Der Biergarten jedoch gehörte vor Allem in den späten 80er Jahren im Sommer zu meinen Lieblingsrestaurants. War damals das „Krokodil“ an der Weidenhäuser Straße meine Stammkneipe, so war das „Irodion“ gleich hinter der Stadtautobahn am Ende von Weidenhausen bei schönem Wetter mein bevorzugter Ort zum Essen-Gehen mit Freundinnen und Freunden. Aber auch später ging ich gelegentlich gerne dorthin, wo ich mich wie auf einer Insel zwischen Weidenhausen und dem Alltag fühlte.
Besonders gut erinnere ich mich an einen Besuch im „Irodion“ vor vielleicht zehn Jahren. Damals war ich mit meiner Nichte Nicole dorthin gegangen, die ihr Studium in Marburg weiterführen wollte. Der Abnd war warm und ein wenig schwül.
Es muss ein Tag Ende Autust oder Anfang September gewesen sein. Jedenfalls waren die Wespen gierig auf Protein. In riesigen Schwärmen flogen sie heran, um sich an den Speisen der Restaurantbesucher gütlich zu tun.
Am Ende jedes Tisches stand ein Teller mit einigen Stücken Gyros. Zunächst einmal flogen die Wespen dorthin. Nicole beschrieb mir, wie die Fleischstücke nach den Besuchen der Insekten sichtlich kleiner wurden.
Irgendwann kamen die Wespen dann auch zu uns. Wir baten den Kellner, etwas gegen die ungebetenen Mitesser zu unternehmen; doch er zuckte nur mit den Achseln. So verging uns allmählich der Appetit und die Freude am Abendessen im Biergarten.
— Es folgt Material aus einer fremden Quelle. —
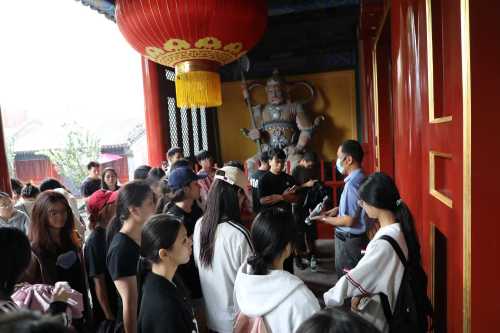 随后,师生一行前往北京民俗博物馆。这座依托东岳庙古建筑群建立的博物馆,集中展示了老北京的民俗文化与生活智慧。从传统节庆习俗、民间手工艺,到老北京的衣食住行,丰富的展品让学生们仿佛穿越时空,真切感受到民俗文化的独特魅力。学生们带着文学学习的视角主动思考,看到传统节庆相关展陈时会轻声讨论曾在文章中读到的民俗描写;观察民间手工艺品时会认真记录细节,试图将其与文学作品中的生活场景对应。这种带着学习目的的探索,让民俗文化不再是遥远的符号,而是化作了理解文学、感知生活的生动教材,也让“文学源于生活”的认知在实践中愈发清晰。

Am nächsten Tag kamen zwei oder drei Wespen auf meinen Balkon. Nicole und ich saßen dort gerade mit einem Stück Kuchen. Den aber wollten die Wespen anscheinend nicht unbedingt haben, weshalb sie sich nach wenigen Bewegungen von uns bald wieder anderswohin verzogen.
Ungetrübt waren hingegen meine Gespräche im Garten des „Irodion“ mit Denkmalschützern und Politikern sowie mit meinem alten Kumpel Kasi. Trotz der regelmäßigen – wenn auch immer wieder vorübergehenden – Lärmattacken ist der Biergarten zwischen Autobahn und Eisenbahn für mich der gemütlichste in Marburg. Nicht zuletzt wegen ihm gehört das „Irodion“ für mich auch zu den legendären Lokalen in Marburg.